The fix will follow.

Regards,
Leo



On 06/25/2018 03:02 PM, Alex Deucher wrote:
On Mon, Jun 25, 2018 at 2:59 PM, James Zhu <[email protected]> wrote:

On 2018-06-25 02:53 PM, Alex Deucher wrote:

On Mon, Jun 25, 2018 at 2:37 PM, James Zhu <[email protected]> wrote:

For one UVD instance case,:


In function amdgpu_driver_load_kms, all ring->me should be set to zero.
     adev = kzalloc(sizeof(struct amdgpu_device), GFP_KERNEL);


For two UVD instances cases:

static void uvd_v7_0_set_ring_funcs(struct amdgpu_device *adev)
..
     for (i = 0; i < adev->uvd.num_uvd_inst; i++) {
         adev->uvd.inst[i].ring.me = i;

static void uvd_v7_0_set_enc_ring_funcs(struct amdgpu_device *adev)

     for (j = 0; j < adev->uvd.num_uvd_inst; j++) {
             adev->uvd.inst[j].ring_enc[i].me = j;

uvd_v4_2_early_init in uvd_v4_2.c  adev->uvd.num_uvd_inst = 1;
uvd_v5_0_early_init in uvd_v5_0.c  adev->uvd.num_uvd_inst = 1;
uvd_v6_0_early_init in uvd_v6_0.c  adev->uvd.num_uvd_inst = 1;
uvd_v7_0_early_init in uvd_v7_0.c
     if (adev->asic_type == CHIP_VEGA20)
         adev->uvd.num_uvd_inst = UVD7_MAX_HW_INSTANCES_VEGA20;/*2*/
     else
         adev->uvd.num_uvd_inst = 1;


I didn't know when ring->me is set to 2. Maybe there is some leakage
somewhere.

What about older uvd (4.2, 5.0, 6.0) blocks?

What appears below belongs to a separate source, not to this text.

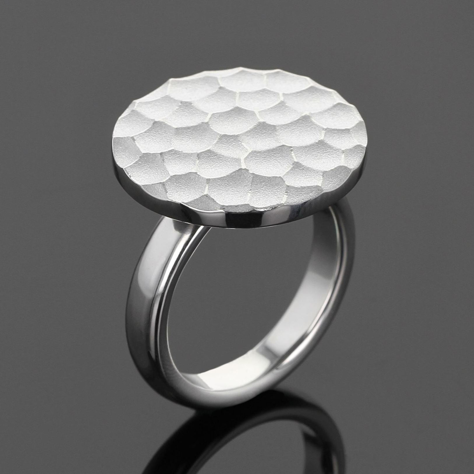 Ring klein mit aufgesetzter Scheibe mit grober Lavastruktur, Durchmesser 20mm = kleine Version. Schiene gleichlaufend 4 mm breit, 2 mm stark.Scheibe massiv, Verlauf 2 - 3 mm stark

I think the below code will reset
adev->uvd.inst[AMDGPU_MAX_UVD_INSTANCES].ring->me and
adev->uvd.inst[AMDGPU_MAX_UVD_INSTANCES].ring_enc[AMDGPU_MAX_UVD_ENC_RINGS]->me
to zero.
for older uvd IP UVD block.

adev = kzalloc(sizeof(struct amdgpu_device), GFP_KERNEL);

Do I understand correctly?
Yes, it should.  That's why it doesn't make sense that it would be
getting another value.

Alex

James

Alex

Best regards!

James zhu


On 2018-06-25 01:29 PM, Deucher, Alexander wrote:

Odd. The structure should be 0 initialized.  Does this patch help?


Alex

________________________________
From: Timothy Pearson <[email protected]>
Sent: Monday, June 25, 2018 11:53:12 AM
To: Zhu, James
Cc: [email protected]; Deucher, Alexander; Zhou,
David(ChunMing); Koenig, Christian
Subject: Re: [PATCH] Increase AMDGPU_MAX_UVD_INSTANCES to 3

n 06/25/2018 09:46 AM, James Zhu wrote:

On 2018-06-23 08:02 PM, Timothy Pearson wrote:

amdgpu_fence_driver_start_ring() attempts to access
UVD instance 2 during setup, while the existing UVD
instance count only allows instances 0 and 1.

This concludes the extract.